GNN
A GNN is a connection model that captures the dependency between graph
nodes by connecting the edges of nodes13,14,15, which
can be roughly divided into graph convolutional
networks16,17 and graph attention
networks18,19. In 2019, Yao et al . proposed
text graph convolutional network (TextGCN)4, which
applies the GNN to the text classification task for the first time.

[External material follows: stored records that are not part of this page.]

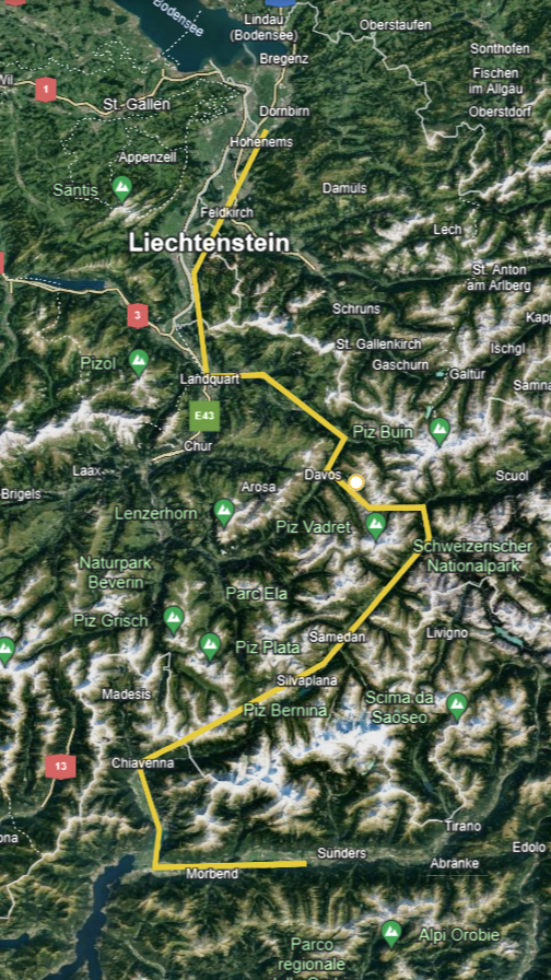 Starting in a southerly direction, I flew over Hohemems and Rankweil into Liechtenstein. Following the valley after Vaduz into Switzerland, I had to make a sharp right turn to avoid the Silvretta mountains in front of me. I overflew the ski resort of Davos and turned left towards Flüela pass. On the right the mountains rose sharply, Sentischhorn being the highest. I just made it over the pass (2383m) and as I cruised down again I passed Piz Linard on the left.
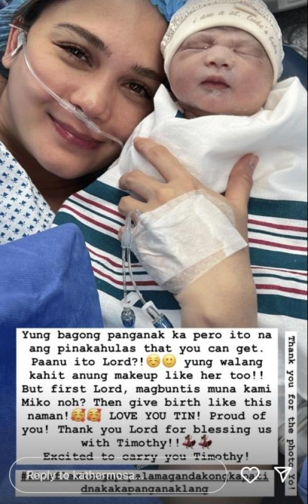 In her Instagram story, her older sister, Kathleen Hermosa, shared a photo of her right after giving birth to her sixth child Isaiah Timothy with husband Oyo Boy Sotto, where she appears to be still looking fresh without filter or makeup on.
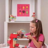 Plaats houten capsules in de hendel, “schenk” koffie in het kopje en speel de rol van een echte barista. Interactieve elementen stimuleren de verbeelding en de fijne motoriek.
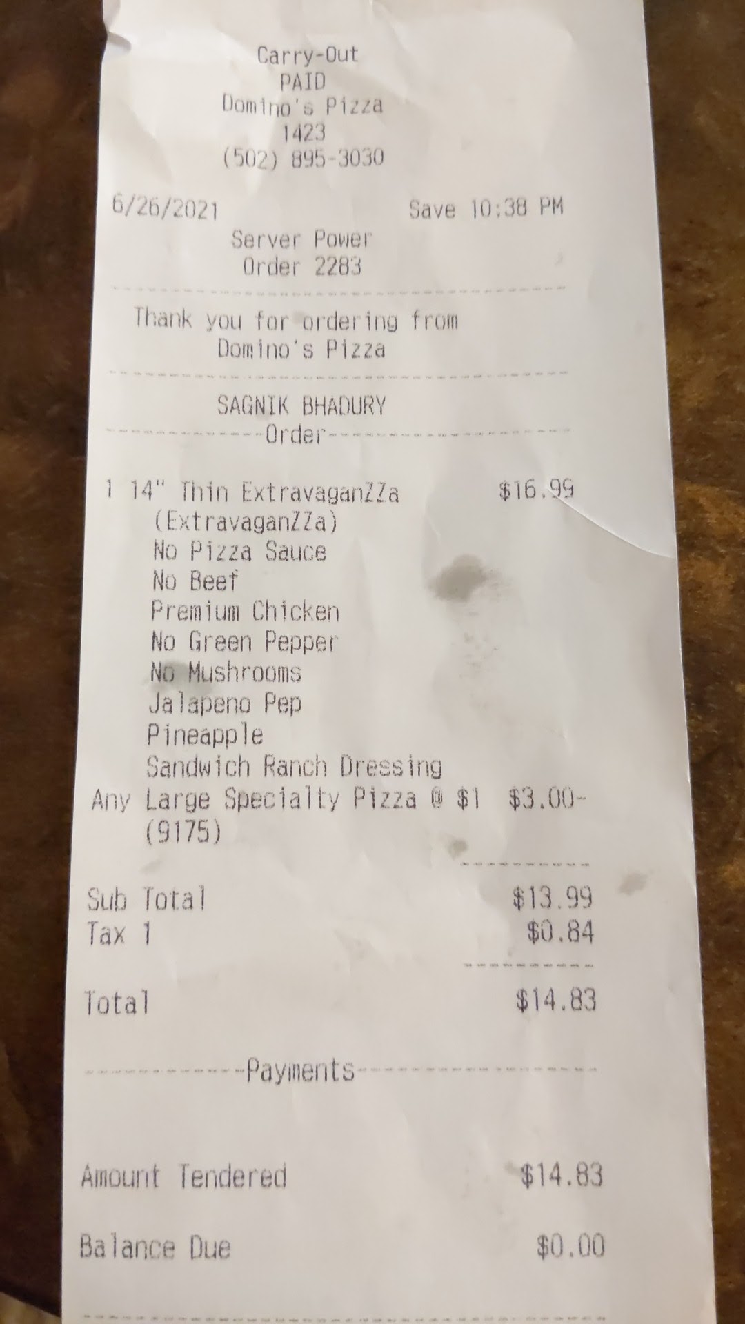 Read moreI ordered a pizza online at 11:50 p.m. on 06/16/2024. The Domino's store promptly processed my online payment. The online status bar also indicated my order was received and my pizza was being made. At 11:59 the status bar showed the pizza still wasn't ready. I recieved a text stating my order would be ready for pickup between 12:09 a.m. to 12:19 a.m. So, before driving to the store I checked the online status bar one more time (and its a good thing I did!). I checked the online status bar at approximately 12:25 a.m. and discovered they had cancelled my order! They didn't even call me to tell me why they were cancelling my order!! Instead, they just sent me a text at 12:07 a.m. stating my order was canceled with no explanation as to why they canceled it. I fully expected to receive my pizza and was eagerly anticipating eating it. So, it was a very unpleasant surprise to discover they had canceled my order without any explanation! I am a former Customer Service Manager of the Franklin Covey corporation. So, I value good customer service. This was very poor customer service! You should not mistreat a customer who is a frequent repeat customer (like myself). I have contacted the national office to remedy this poor customer service so that it hopefully does not happen to anyone else. If I could have given this store a 1/2 star rating for this instance of poor service, I would have. I'm not sure what happened with this store that caused them to cancel my order without explanation (especially after they had sent me a text indicating my pizza would be ready by 12:19 a.m.). Normally, this store offers good customer service. But not this time. I even tried calling the store several times, but they just let it go to voice mail. Anyway, I hope my report will prevent them from cancelling anyone else's order without an...
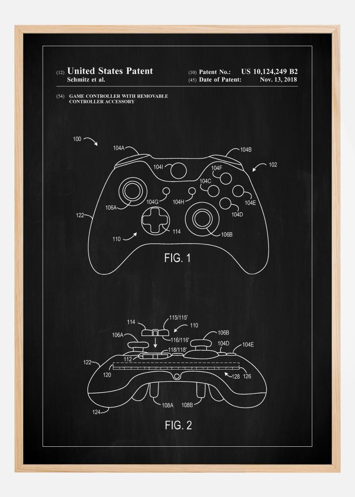 Αυτή η αφίσα ευρεσιτεχνίας με μαύρο πίνακα στο παρασκήνιο αναδεικνύει κομψά έναν σύγχρονο χειριστήριο για το Xbox με αποσπώμενο εξάρτημα, αριθμός ευρεσιτεχνίας US 10,124,249 B2, ημερομηνίας 13 Νοεμβρίου 2018. Ο προχωρημένος σχεδιασμός και τα συστατικά του απεικονίζονται οπτικά λεπτομερώς, παρέχοντας διορατικότητα στο πώς η τεχνολογία και η εμπειρία παιχνιδιού μπορούν να προσαρμοστούν για τον χρήστη. Είναι μια εκδήλωση της συνεχούς καινοτομίας που συμβαίνει στον κόσμο των χειριστηρίων παιχνιδιών.
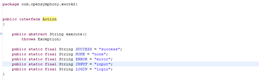 如上图所示是Action的源码,我想聪明的读者已经可以想到我们在编程弄应该尽量使用源码中所示的这些预置结果名称
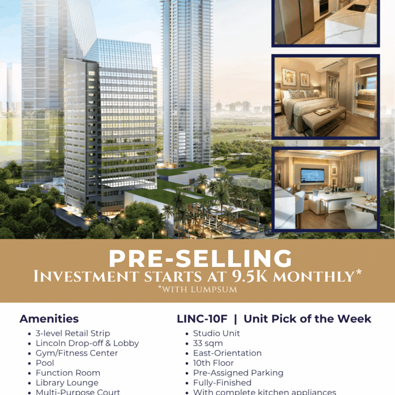 STUDIO (33SQM) at Lincoln at the IPI Center (Starts at 9K/month)
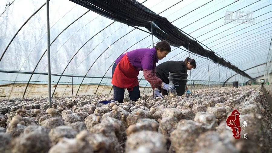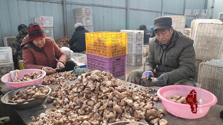 当下正值出菇旺季,在河北省遵化市平安城镇的香菇大棚内,一个个菌袋整齐有序,一朵朵蘑菇如花一样绽放,菇农们忙着采摘、装筐、运送,一派丰收的繁忙景象。
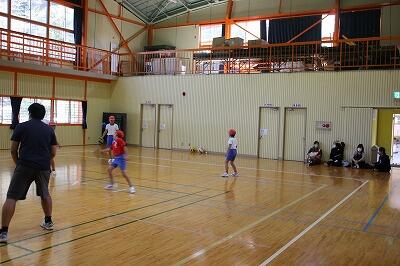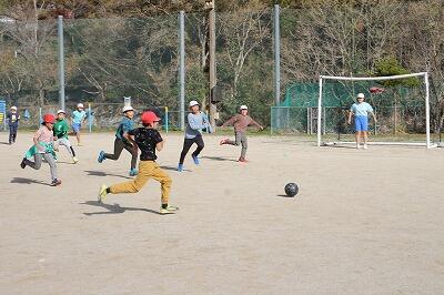 その後、運動場で一緒に遊んでもらいました。とても寒い中でしたが、陣取りとドッジボールで楽しく過ごすことができました。
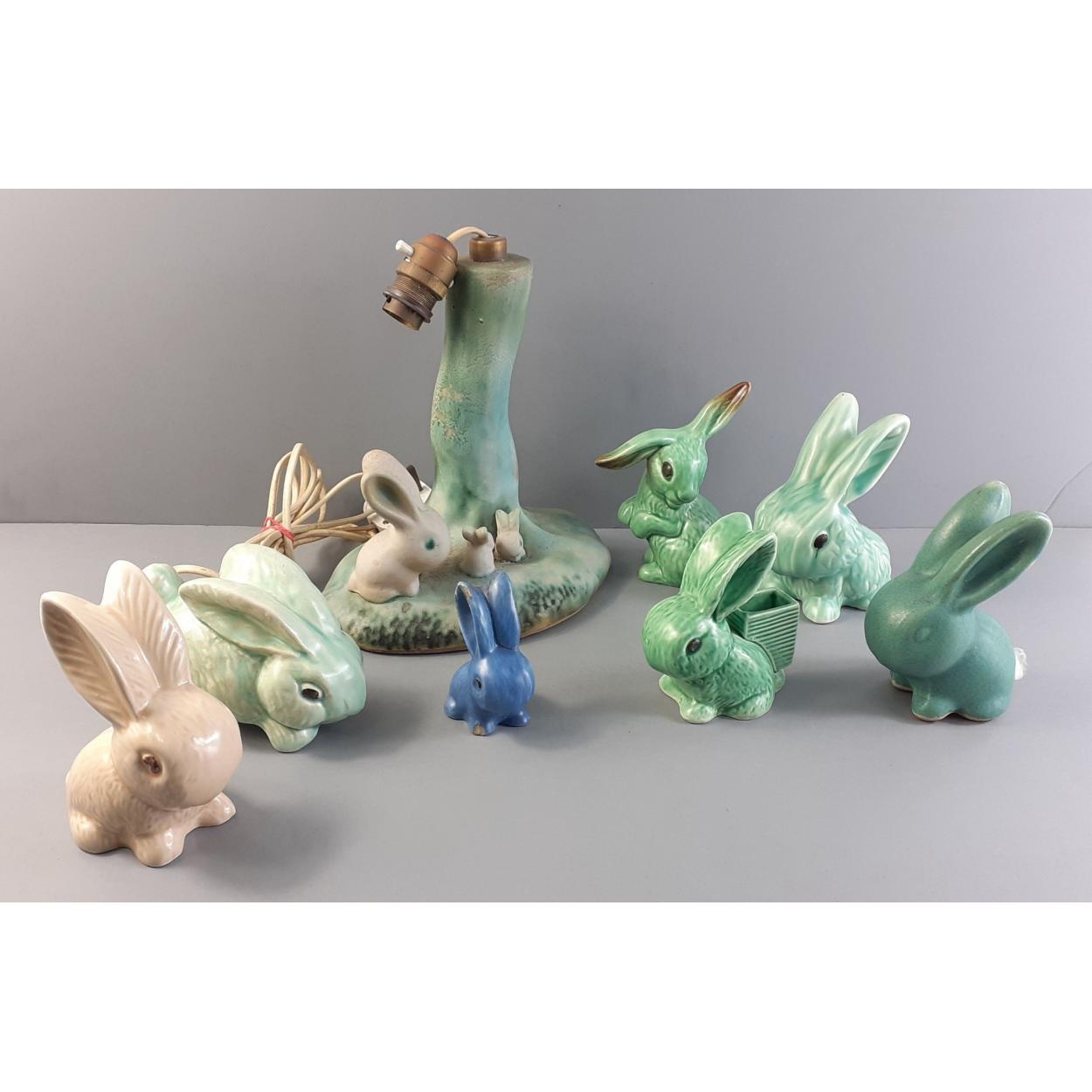 A collection of seven mainly SYLVAC bunny rabbits, tallest 13cm has chip from one ear, and blue rabbit has a damage repaired ear. Includes one DENBY rabbit and a table lamp approx 24cm high
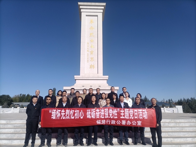 在第十个国家烈士纪念日即将到来之际,为深入落实学习贯彻习近平新时代中国特色社会主义思想主题教育“学思想、强党性、重实践、建新功”的总要求,缅怀革命先烈,传承红色基因,9月27日上午,行政公署办公室组织机关党员干部赴锡林浩特市烈士陵园组织开展“缅怀先烈忆初心 砥砺奋进强党性”主题党日活动,祭奠不朽英魂,汲取奋进力量。
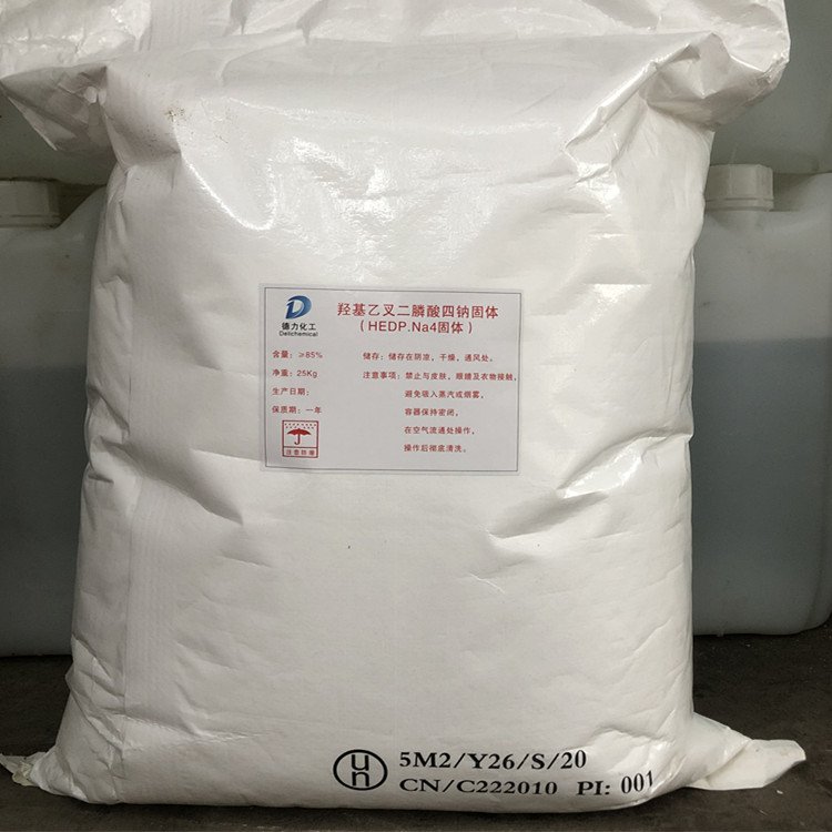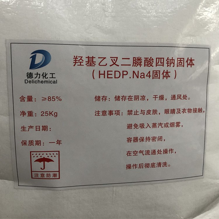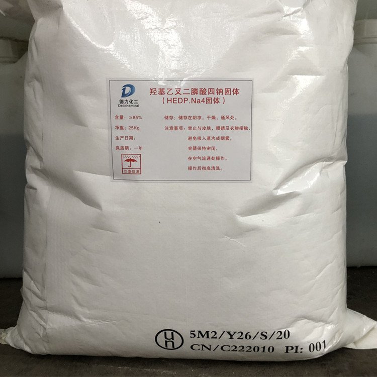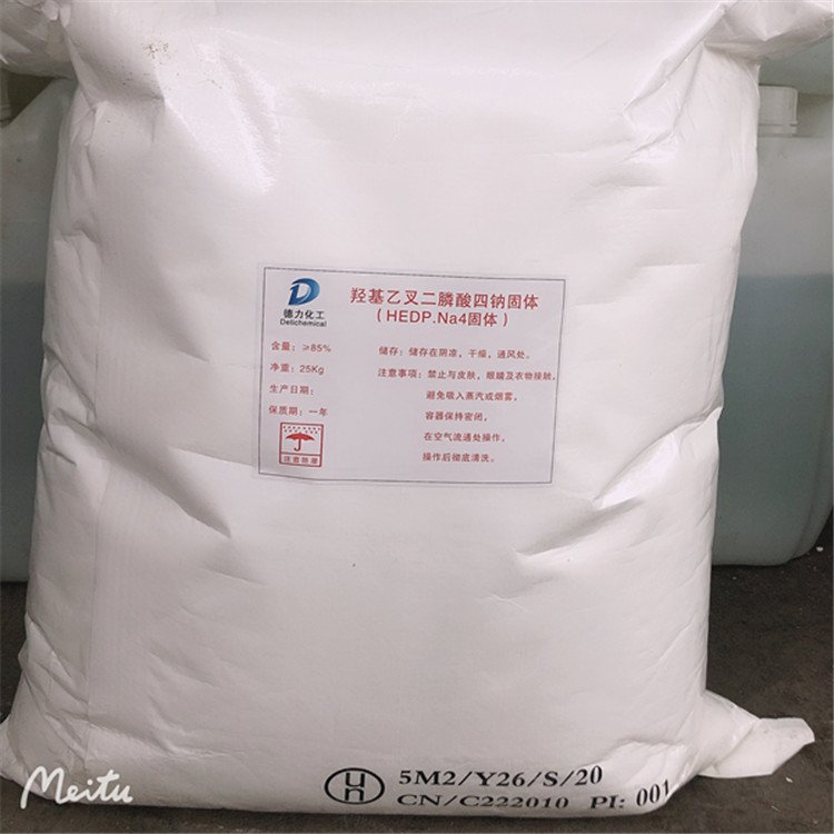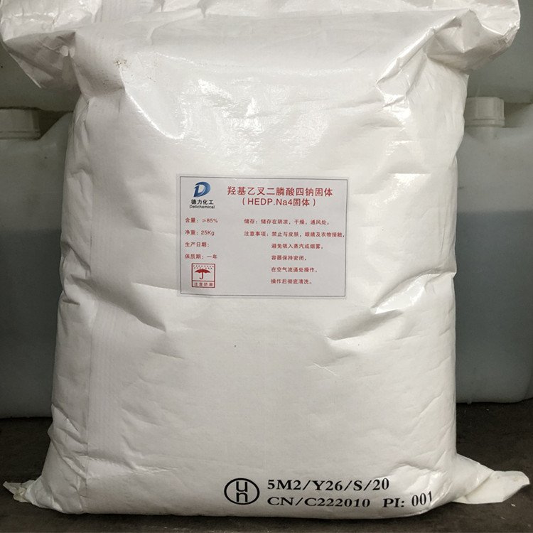 HEDP.Na4为白色粉末固体、易溶于水、不吸潮,方便运输,适用于严寒条件下使用。HEDP.Na4属于有机膦酸盐类阻垢缓蚀剂,能与铁、铜、锌等多种金属离子形成稳定的络合物,能溶解金属表面的氧化物。在250℃下仍起良好的缓蚀阻垢作用。
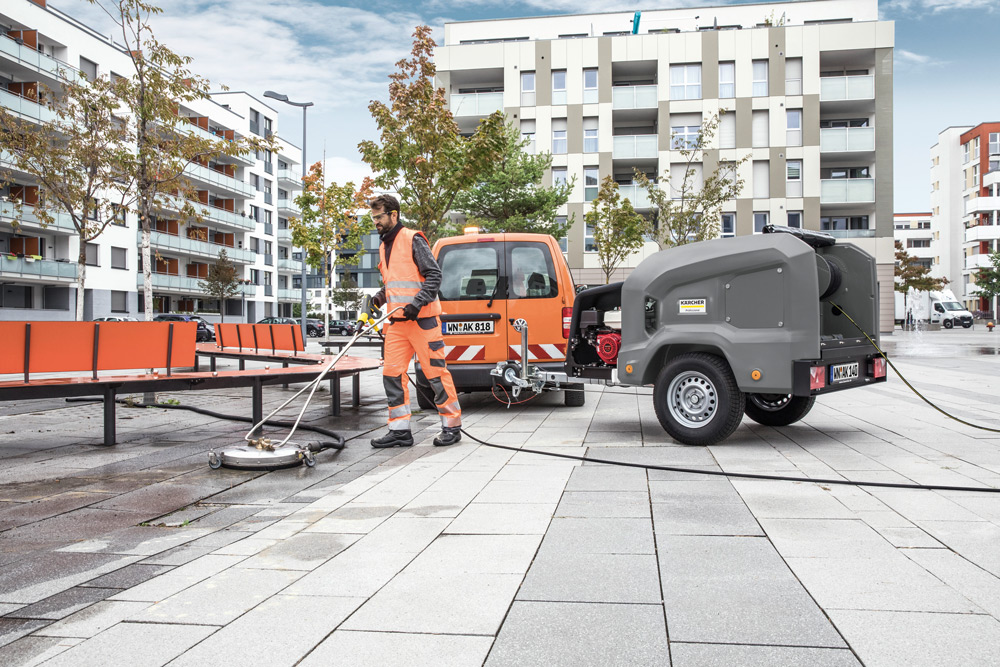 Avec sa nouvelle remorque haute pression à eau froide, Kärcher autorise un travail où que vous soyez.

TextGCN first constructs a symmetric adjacency matrix based on the given
diagram, then fuses the representation of each node with its neighbors
through convolution operations, and finally sends the representation of
the node to the softmax layer for classification. However, TextGCN
assigns the same weight to each node, which is inconsistent with the
actual contribution of each node to the final classification. To solve
this problem, Petar et al . proposed graph attention network
(GAT)18, which uses masked self-attention methods to
assign different weights to each node according to the characteristics
of adjacent nodes. The problem of using graph convolutional network for
text classification is solved. Only the text information is considered
when constructing the graph for the pre-ordering work, but the
heterogeneous information such as text labels is ignored. In 2020, Xinet al . established a GNN based on label
fusion20. This method combines label information by
adding “text-tag-text” paths while constructing graphs, through which
supervisory information can be transmitted more directly between graphs.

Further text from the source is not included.